For comparison, Frozen 2 debuted on home media, including digital download and Blu-ray, on Feb. 25 and became available on Disney+ less than one month later on March 15. However, that was a special circumstance in which the company appeared to literally be providing a gift to anxious families in self-isolation. The purchase window for Onward is now even tighter than that, and it’s worth noting for comparison that Frozen 2 also had already made $1.5 billion at the box office, a number that Onward will never approach.

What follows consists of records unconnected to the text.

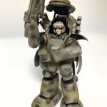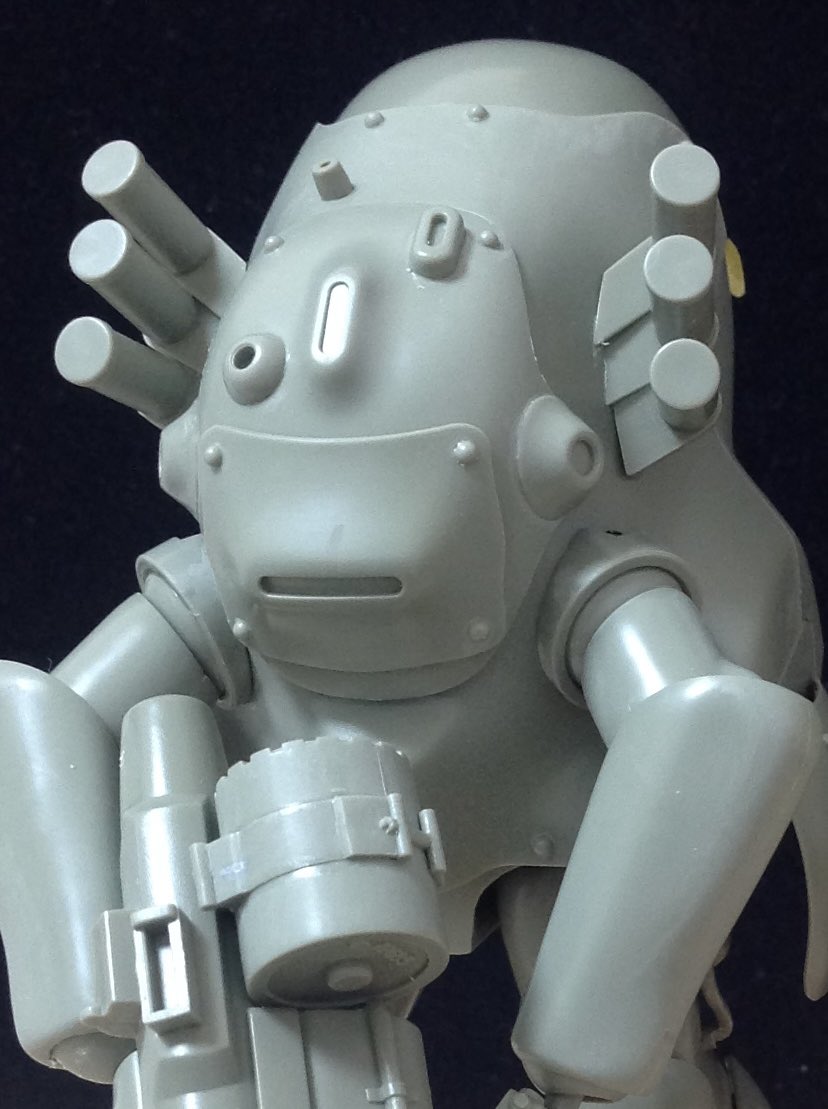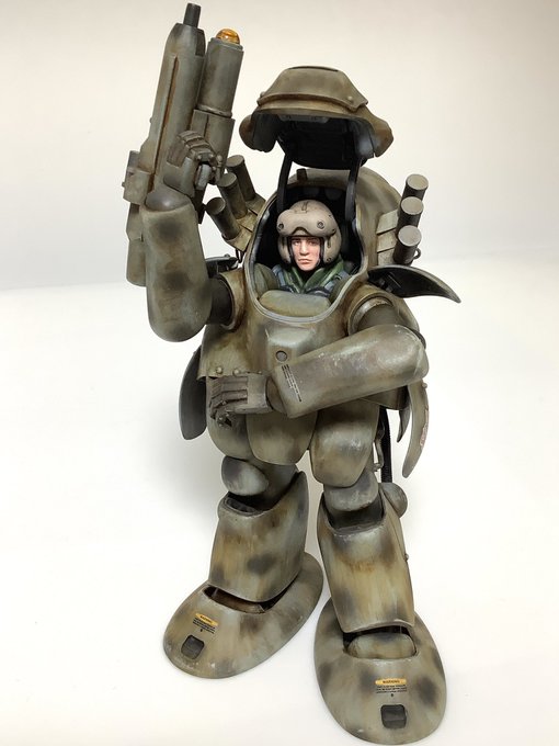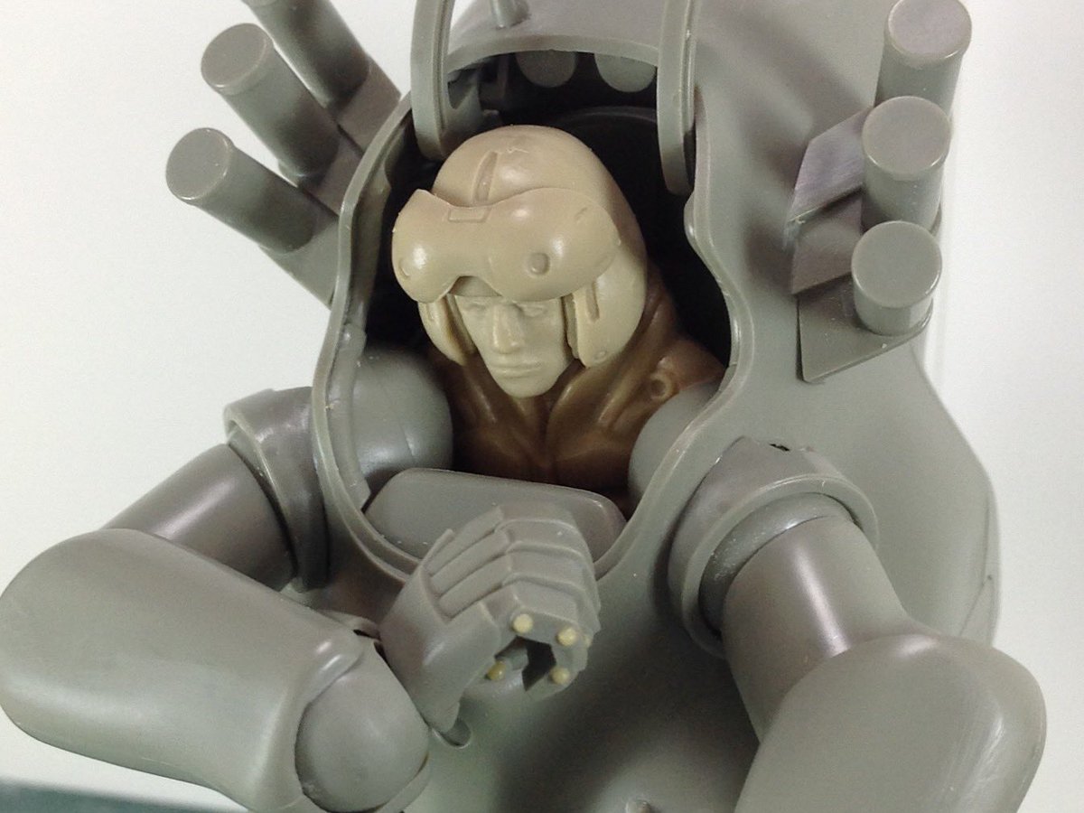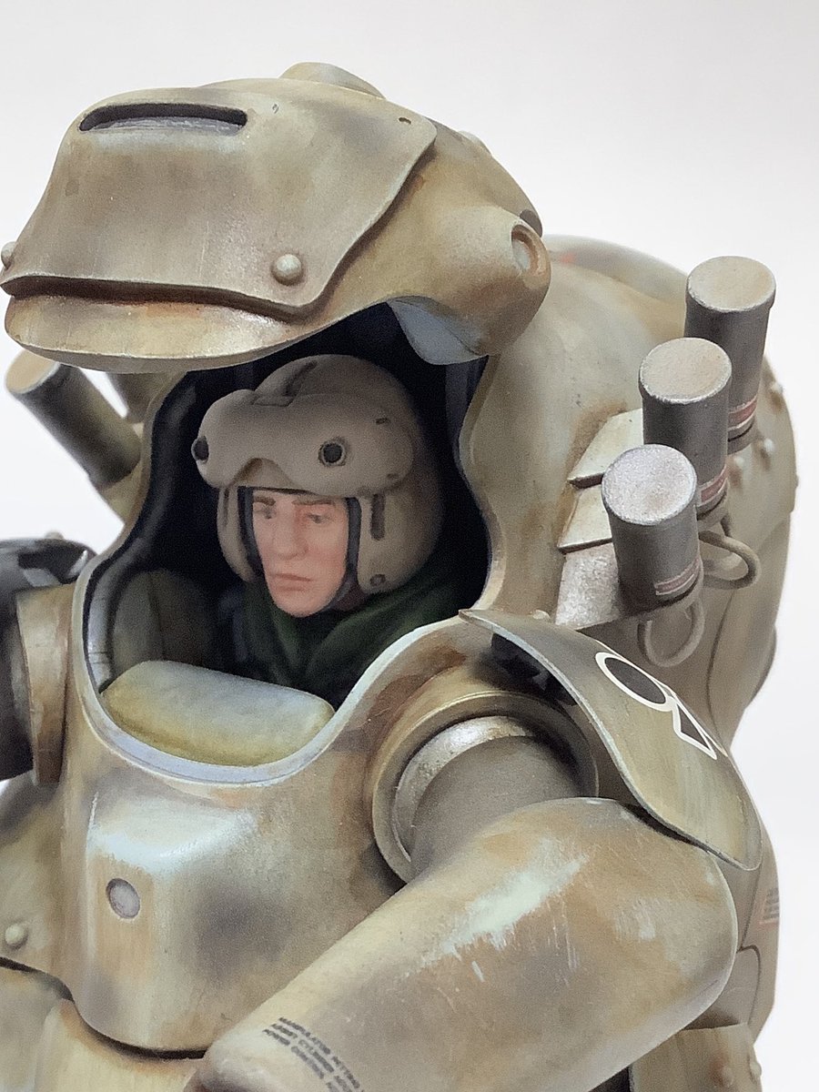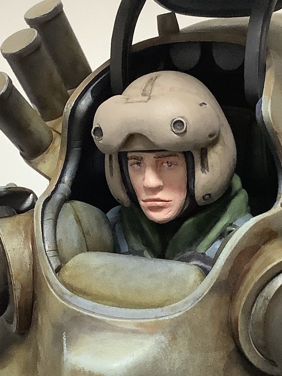 #これを見た人は塗装前と塗装後を貼れ #アンモナイツ #ひろがれマシーネンの輪 #マシーネン #横山宏 #maschinenkrieger #mak 何だか下を向いてションボリしている感じが残念だったので、もう一度瞳を描き直して流し目にしてみんとす。 ……………スレッガー中尉?
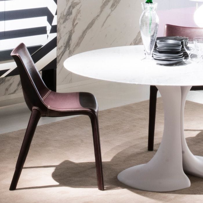 Lou Eat 和 Lou Speak 与 Lou Read 共同组成了 Lou 家族,这是一系列具有塑料和雕塑形状的椅子。Lou Eat 是该系列中最简单、用途最广的;真皮扶手椅,它被设计为餐厅的座位,但它也是空间的完美主角。“Lou Eat 不是椅子;它是一个可以吃掉你的动物雕塑”Philippe Starck
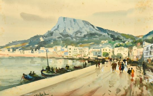 20th Century European School. A Mediterranean harbour scene with moored boats and figures, watercolour, indistinctly signed, 12" x 18.5", (unframed).
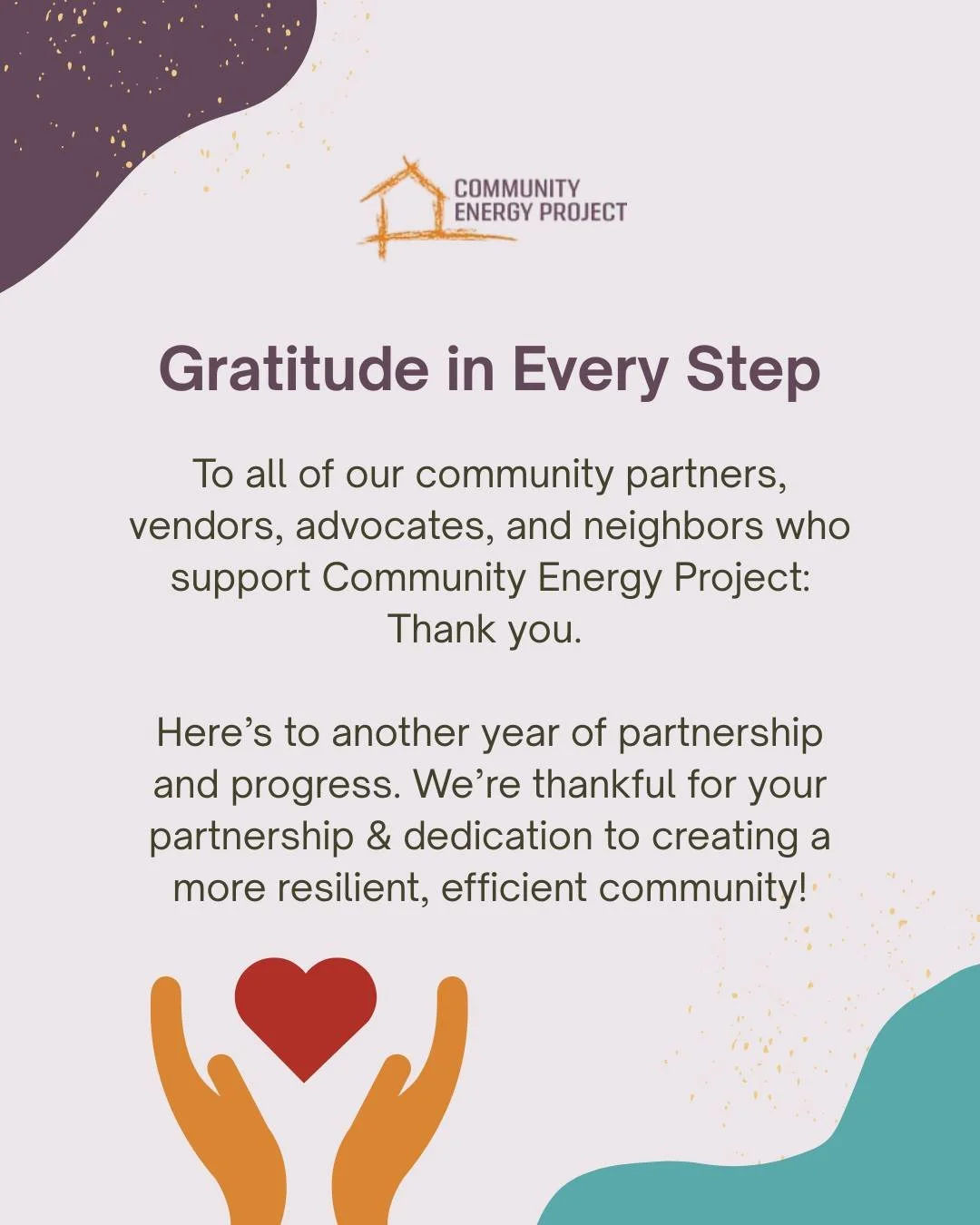 Thanks to the unwavering support of our local funding and community, our intent is for our programs and services to continue uninterrupted and our fight for energy justice remains our driving force. Together, we will ensure that the communities we care so deeply about receive the resources, education, home repairs, efficiency upgrades, and support they need to create resilient, efficient, and healthy homes.
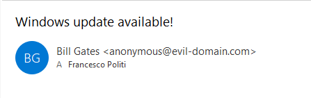 È in virtù di questo che spesso i malintenzionati impostano dei mittenti arbitrari. E’ quindi fondamentale verificare sempre quale sia l’autentico mittente del messaggio che si sta leggendo.
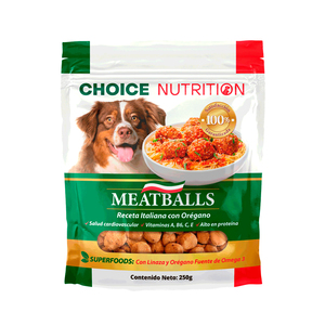 Los premios Meatballs de Choice Nutrition son los mejores snacks para consentir a tu perrito con un clásico de la cocina italiana. Inspirados en una receta de albóndigas, estos suaves premios además de ser deliciosos son una opción muy saludable, ya que están elaborados con ingredientes estrella como semillas de linaza y orégano, ricos en ácidos grasos esenciales y vitaminas A, B6, C y E.
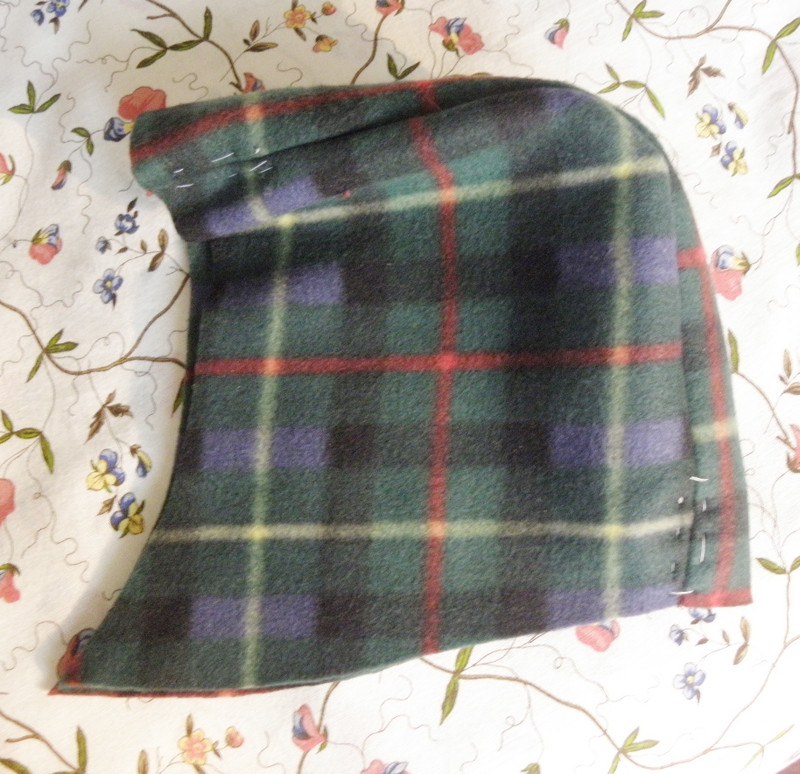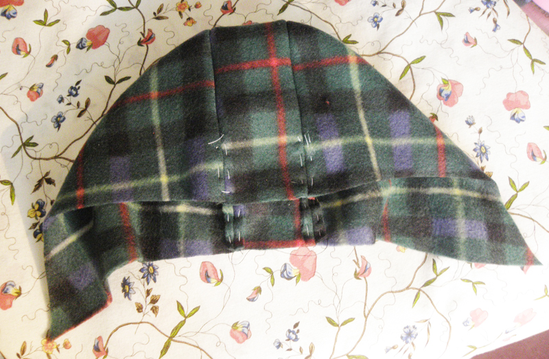 Como se puede ver ,doblada la capa por la mitad, el orifico del cuello queda desplazado del centro para que la espada sea más larga que el delantero.
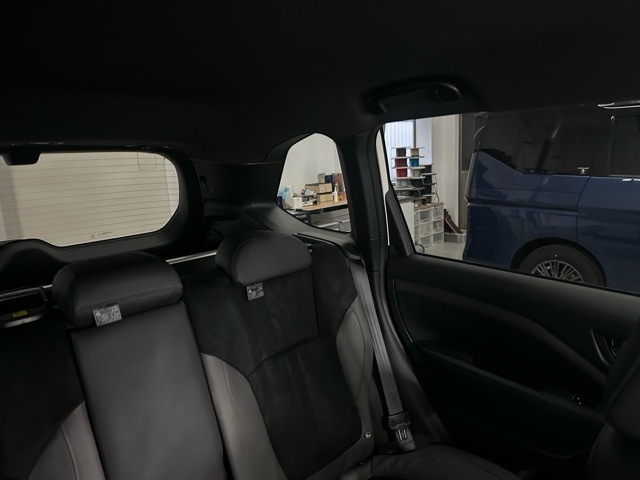 純正プライバシーガラスに透過率5%の断熱スモークカーフィルムを施工したので結構黒くなりプライバシーの確保にはちょうどいい暗さだと思います。
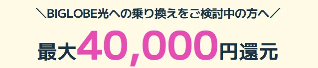 | 他社乗り換え補填 | 他社から乗り換えで最大40,000円キャッシュバック (3ヶ月後) | |
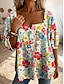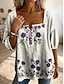 Naisten Pusero Painettu Kukka Kuvitettu Päivittäin Tyylikäs Vapaa-aika Puolihiha Nelikulmainen kaula-aukko Tavalliset topit Kausaliteetti Päivittäin Sininen Keltainen Rubiini Purppura Kesä Kevät
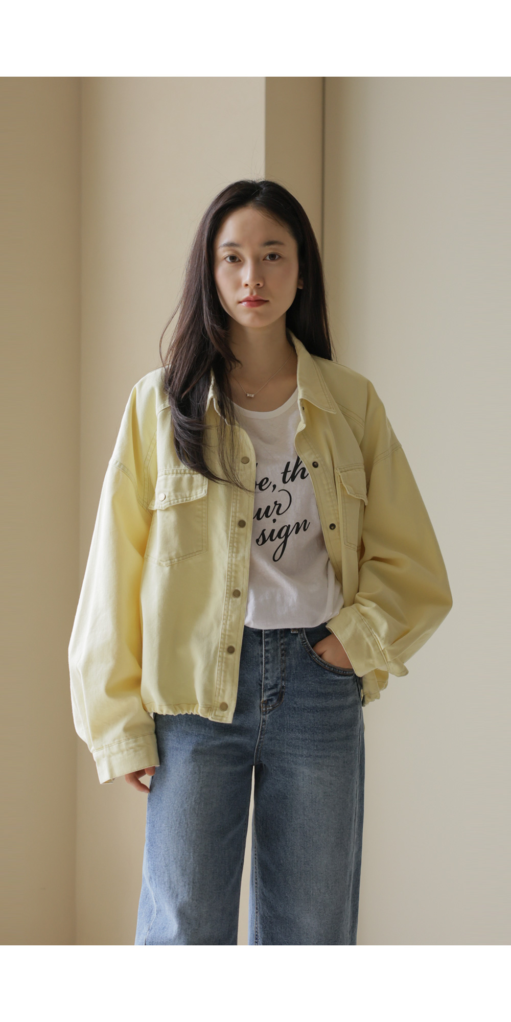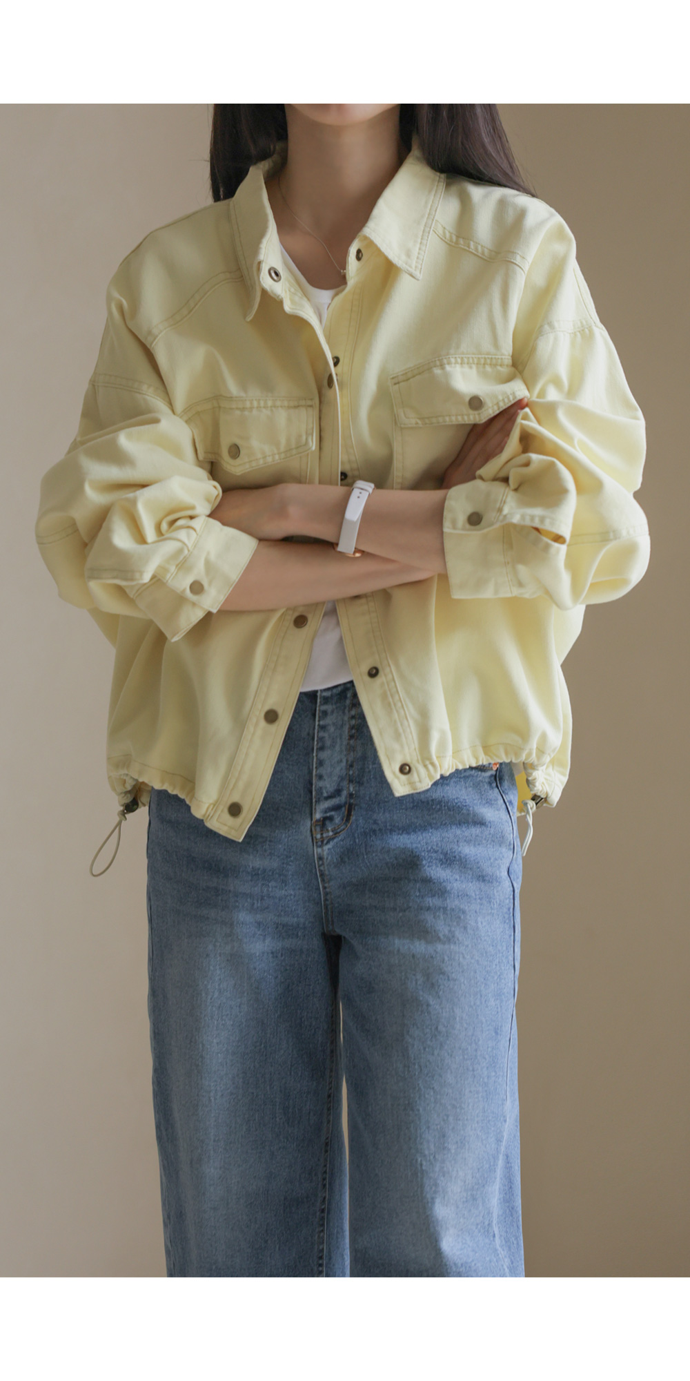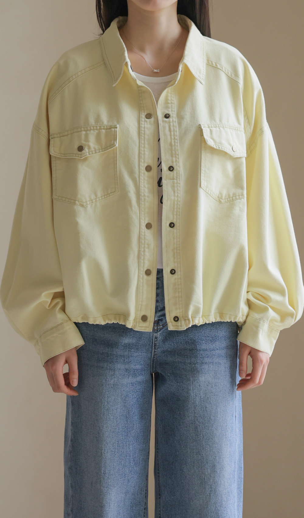간절기 시즌부터 초여름까지 가볍고 산뜻하게 즐기기 좋은 데님 자켓 아이템이에요. 옐로우, 스카이블루, 핑크, 그리고 차분한 그레이베이지까지 총 4가지의 화사하고 감각적인 컬러 구성으로 준비했답니다.

However, the point of a streaming service model is to have a constant flow of new content that excites viewers and keeps subscriptions steadily renewed month to month. It’s the business model Netflix used to become one of the biggest television and film content creators on the planet, and it’s one Disney intends to emulate with Disney+. So in the same way Netflix keeps subscribers engaged with movies they’re not profiting off of from theaters month-to-month, Disney could use Onward, which already debuted at a slightly disappointing box office bow before the coronavirus outbreak, as an experiment in going straight to Disney+ while skipping the VOD step.
Unlike Universal and WB, Disney already has its own streaming service apparatus in place, and it would generate great publicity (and good will from isolated and bored families) to put the new Pixar movie on Disney+ as soon as possible. With the early releases of Frozen 2 and Onward, this is another step toward making Disney+ as self-sufficient a content library as Netflix.